Hey guys, cities aren’t dumb.
Mobilitie’s attempt to skate past local permit requirements in its nationwide effort to install 70,000 new wireless sites for Sprint appears to be coming up short. The strategy appears to be to file a truckload of applications for 120-foot cellular towers but label them as utility poles and hope no one notices. As far as I can tell, 120 feet is just the maximum size they’re contemplating, so that’s what they apply to build. As I understand it, Mobilitie will chop it down as far as necessary in order to meet height restrictions and other local requirements.
It’s basic message to local jurisdictions has been we have authority from someone else, so get out of the way. That didn’t go over well in Mississippi according to a story by Henry Bailey in the the DeSoto Times-Tribune (h/t to Omar Masry at the City and County of San Francisco for the pointer)…

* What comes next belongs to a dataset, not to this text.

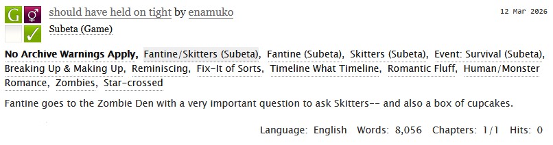 I wrote a Subeta-fanfic of my favourite Survival related couple for the holiday! no they did not break up except for the sake of me writing this fic what are you talking about Comments even from those unfamiliar with ao3 are welcome but they are moderated (meaning I need to approve them to be posted) because I have frequent run-ins with trolls, spammers, etc on that site :) Please let me know what you think!

“I just don’t think it’s worth the paper it’s written on,” said Supervisor Lee Caldwell of Nesbit of what Mobilitie network real estate specialist Brett Smith described as a “certificate of need” from the Mississippi Public Service Commission. Caldwell and other board members noted that the PSC doesn’t have statutory authority to regulate wireless communications.
Smith said the PSC action was sought so Mobilitie could proceed with the rights and entitlements of a “public utility,” but Caldwell said of that, “You call yourself a ‘public utility,’ but you’re really just an antenna company” that sells space to cellular service providers. She added, “I don’t think you have a legal right to come here.”
In California, local planners and engineers are figuring out that calling a 120-foot tower a utility pole doesn’t necessarily make it a utility pole. Somebody at Mobilitie has to eventually realise that people working in local governments talk to each other.